Groei van de bevolking moet winkelleegstand een halt toeroepen

De Zuiderhoofdstraat in Krommenie moet aantrekkelijker worden.
De Zuiderhoofdstraat in Krommenie moet aantrekkelijker worden.
Foto: Google Street View

De bovengemiddelde leegstand van winkels in de Rozenhof en aan de Westzijde, in ’t Kalf en in Poelenburg in Zaandam en in Wormerveer in het centrum en op het Noorderveld moet vooral worden opgelost door bevolkingsaanwas. Er komen nergens in de gemeente nieuwe winkelpanden bij en dat is gunstig: Zaanstad heeft er op dit moment al meer dan genoeg.

Dat staat in een beschouwing over de stand van zaken van betreft de lokale detailhandel die het college naar de raad heeft gestuurd. Het winkelvloeroppervlak per inwoner ligt in Zaanstad met 2,2 vierkante meter ruim boven het landelijk gemiddelde van 1,6 meter, maar de bestedingen per vierkante meter zijn daardoor lager dan elders. En er is sprake van een overaanbod aan supermarkten.

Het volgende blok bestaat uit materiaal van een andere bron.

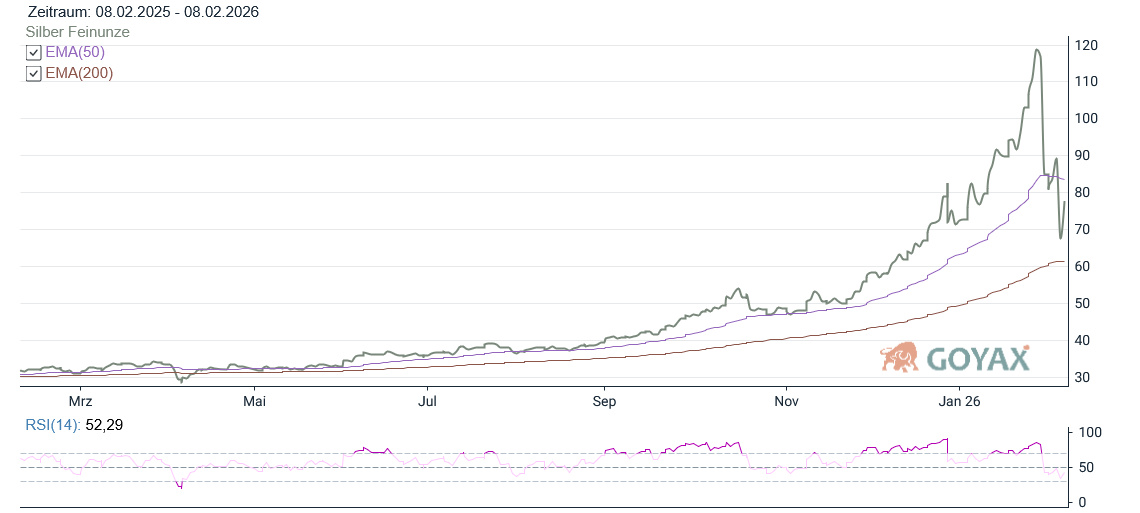 Zwar bleibt das langfristige Bild auch bei Silber konstruktiv, kurzfristig dominiert jedoch klar die Volatilität. Marktteilnehmer agieren selektiv, Absicherungsstrategien gewinnen an Bedeutung, während spekulative Engagements zurückgefahren werden. Das Chartbild zeigt deutlich, dass der Silberpreis in den Bereich zwischen den EMA 50 (83,39 USD) und dem EMA 200 (61,74 USD) zurückgefallen ist. Hierdurch ist der eindeutige charttechnische Aufwärstrend erst einmal durchbrochen. Es ist nicht auszuschließen, dass wir in den nächsten Tagen und Wochen in eine Seitwärtsbewegung innerhalb dieses Korridors fallen, bis das Durchbrechen eine der beiden gleitenden Durchschnitte ein neues Signal setzt.

De gemeente noemt de situatie in Zaanstad net als in 2015 ‘half bewolkt’: de leegstand ligt met negen procent hoger dan wenselijk (bewolkt), maar de verwachte bevolkingsgroei en daarmee de groeiende klandizie voor winkeliers is positief te noemen (zonnig). Overigens becijferde de provincie de leegstand in Zaanstreek-Waterland onlangs nog op zeven procent, wat erop lijkt te duiden dat het oosten van de regio het beter doet dan onze kant.

Minder winkels buiten de hoofdstructuur

Buiten de hoofdstructuur (zie kaart hieronder) is het winkelaanbod de afgelopen twee jaar met zeven procent afgenomen, wat het college als een positief resultaat ziet vanwege het streven winkels op een beperkt aantal daartoe aangewezen plekken te concentreren. Wel wordt opgemerkt dat de belangstelling om ‘op diverse plekken in de stad’ te investeren in winkelvastgoed weer toeneemt.

Naast fysieke zaken heeft Zaanstad inmiddels zo’n 350 webwinkels, die bijdragen aan de werkgelegenheid. Het belang van de detailhandel moet niet onderschat worden: de sector is goed voor negen procent van alle banen in de gemeente.

De opsomming van het college van behaalde successen, plannen en niet-ingeloste verwachtingen bevat verder onder meer de volgende conclusies:

  • Bij de winkelcentra Gibraltar, Westerwatering en Westzijde is de openbare buitenruimte opgeknapt.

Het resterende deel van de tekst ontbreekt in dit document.